I note that an overabundance of folic acid in the body is very rare, mainly due to abuse of drugs containing this organic compound. Its quantity in foods and, directly, in the body is so small that it is calculated in micrograms (μg). The microgram is 1: 1000000 grams.
If to take into account the fact that presence of this organic component is necessary, practically, for all bodies and systems, then there will always be site where it is not enough.

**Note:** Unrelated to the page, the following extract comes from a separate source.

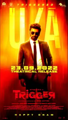 Trigger is an 2022 Indian Tamil-language action thriller film written and directed by Sam Anton and produced by Pramod Films and Miracle Movies.[1] The film stars Atharvaa, Tanya Ravichandran and Arun Pandian in lead roles.[2] The film's music and score is composed by Ghibran, with cinematography handled by Krishnan Vasant and editing done by Ruben.

So, for maintenance of healthy balance in organism, it is important:
- to adults every day to use 200 – 400 mkg of folic acid;
- to children from the birth about one year — about 50 mkg;
- to children years up to 3 years are more senior it is necessary to receive about 100 mkg with food;
- to children up to 12 years – 150 mkg;
- young men and girls are later 12 years old – 200 mkg;
- to pregnant women – 800 mkg;
- to the feeding women – 500-600 mkg.
The most “hungry”
I have already mentioned the special participation of this element in the life and health of a woman. He performs a special function in the period when a woman is waiting for a child. After all, the neural tube (the precursor of the nervous system) of the embryo is formed already in the second week of pregnancy, the heart – on the third. And for the proper formation of these systems, a sufficient amount of folic acid is important. The lack of it leads to various pathologies of the development of the brain.
I would say: a pregnant woman should eat for two. And all the necessary vitamins should also be received in double size! Correctly? Hence, it is logical that pregnant women need twice as much as folic acid.
Together with the mother’s milk, the child receives all the useful substances. But this is so, if the nursing mother properly and fully nourishes, that is, with the food gets the optimal amount of vitamins and minerals.
Conclusion: women during pregnancy and lactation should receive a large amount of folic acid, and it will be more appropriate to take vitamin B9 in addition to tablets.
Who else needs this micronutrient? That’s right, people experiencing constant increased physical and mental stress. It is very important during sports, as it helps in the process of protein formation.
Where the treasure is hidden
Since folic acid in food does not happen much, consider foods rich in folic acid. It is contained in almost every product that we eat. The following table will show the “bare” figures of the vitamin B9 content in products:
Other fruits, berries, dairy products, turkey, eggs, beef, pork, lamb, fish contain less than 10 μg of folic acid.
Why do I call the numbers in the table “bare”?
Yes, because vitamin B9, like everyone else,
- remains in the crude products which have not undergone thermal treatment better;
- it is acquired together with other minerals.
Therefore for the best digestion of folic acid, it is desirable to consume crude products. Sunflower seeds, nuts, salad, cottage cheese, sheep cheese concern to them, for example. Content of this chemical element is much less in fruit and berries, but, but, it is possible to eat them much bigger quantity, than, for example, liver or peas.
But, undoubted record holders in this rating are sunflower seeds of sunflower and flax. Seeds of sunflower can be eaten even crude, and from seeds of flax the excellent oil having a number of irreplaceable useful properties is produced. Linseed oil does not suffer heating, fill with it salads, use in cosmetic procedures. But it is already separate article.
Do not forget about dairy products. Still, they are quite a frequent guest on our table. Sour-milk products contain a large number of useful lactic acid bacteria, which help the assimilation of vitamins and minerals from food.
Vitamins of group B (B1, B6, B9, B12), calcium, magnesium are contained in bread, cereals, greens, salad.
And the last. If you take folic acid in tablets, you need to remember that a large amount of vitamin B9 destroys vitamin B12.
On this, perhaps, I will finish. If you liked the article, subscribe to updates to my blog, leave your comments and share with friends on social networks.
Thank you for attention! I’m waiting for you, there will be something interesting and new!